Slowing the translocation of double-stranded DNA using a nanopore smaller than the double helix

Utkur Mirsaidov, Jeffrey Comer, Valentin Dimitrov, Aleksei Aksimentiev, and Gregory Timp
Nanotechnology 21(39) 395501 (2010)
DOI:10.1088/0957-4484/21/39/395501  PMID:20808032  BibTex


The image of the double helix of DNA has become an icon of biotechnology and genetics. However, this double helix is more than just an aesthetically pleasing image: it gives double-stranded DNA peculiar mechanical properties that are pertinent to biology and biotechnology. We have previously shown that molecules of double-stranded DNA can be electrically driven through tiny pores smaller in diameter than the double helix. How is this possible? Our computer simulations show that the DNA double helix stretches and distorts as it passes through a pore smaller than itself—a situation somewhat like forcing a drinking straw through the small hole in a drink box. With this knowledge, the researchers in the Timp and Aksimentiev groups have invented a method to trap DNA by driving the molecule into the pore using a strong electric force and then reducing the electric force while the DNA is still in the pore. Using molecular dynamics simulations, we have examined the process of trapping a DNA double helix in atomic detail, providing our experimental collaborators with the estimates of the forces and time scales involved. Using a special purpose electric circuit, the researchers in the Timp group have demonstrated the trap machanism in practice. The results of this study suggest the possibility of controlling the motion of double-stranded DNA through a solid-state nanopore. Such control could facilitate nanopore sequencing, which has the potential to reduce the cost of DNA sequencing to the extent that you and your doctor could make medical decisions based on the unique information in your genome. This work is described in a report that appeared in Nanotechnology.

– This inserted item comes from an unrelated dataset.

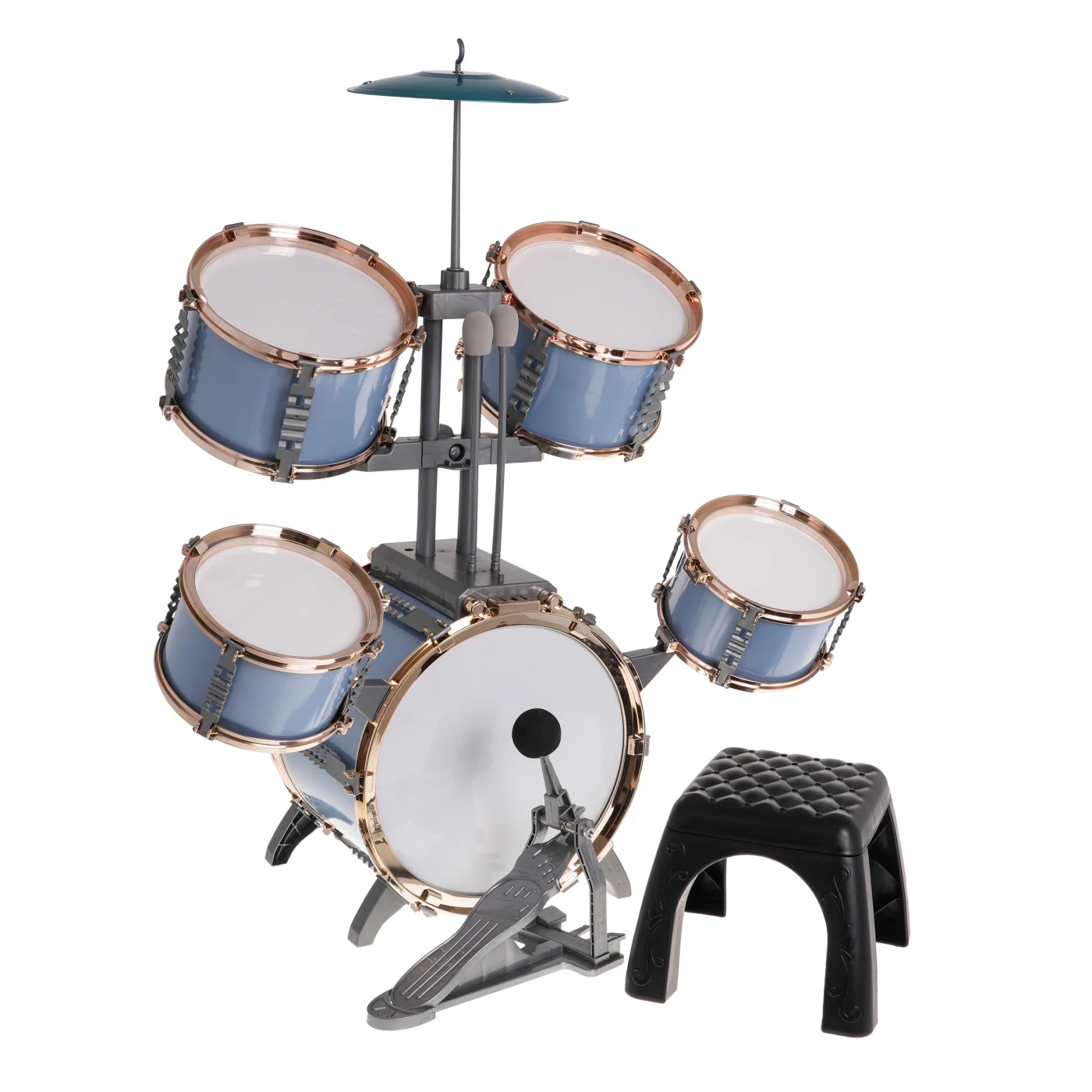 | Ovaj veliki, plavi set bubnjeva sa stolicom je igračka za djecu od 3 godine i više. Set uključuje 5 bubnjeva, metalnu činelu, 2 čekića i stolicu. | |

It is now possible to slow and trap a single molecule of double-stranded DNA (dsDNA), by stretching it using a nanopore, smaller in diameter than the double helix, in a solid-state membrane. By applying an electric force larger than the threshold for stretching, dsDNA can be impelled through the pore. Once a current blockade associated with a translocating molecule is detected, the electric field in the pore is switched in an interval less than the translocation time to a value below the threshold for stretching. According to molecular dynamics (MD) simulations, this leaves the dsDNA stretched in the pore constriction with the base-pairs tilted, while the B-form canonical structure is preserved outside the pore. In this configuration, the translocation velocity is substantially reduced from 1 bp/10 ns to approximately 1 bp/2 ms in the extreme, potentially facilitating high fidelity reads for sequencing, precise sorting, and high resolution (force) spectroscopy.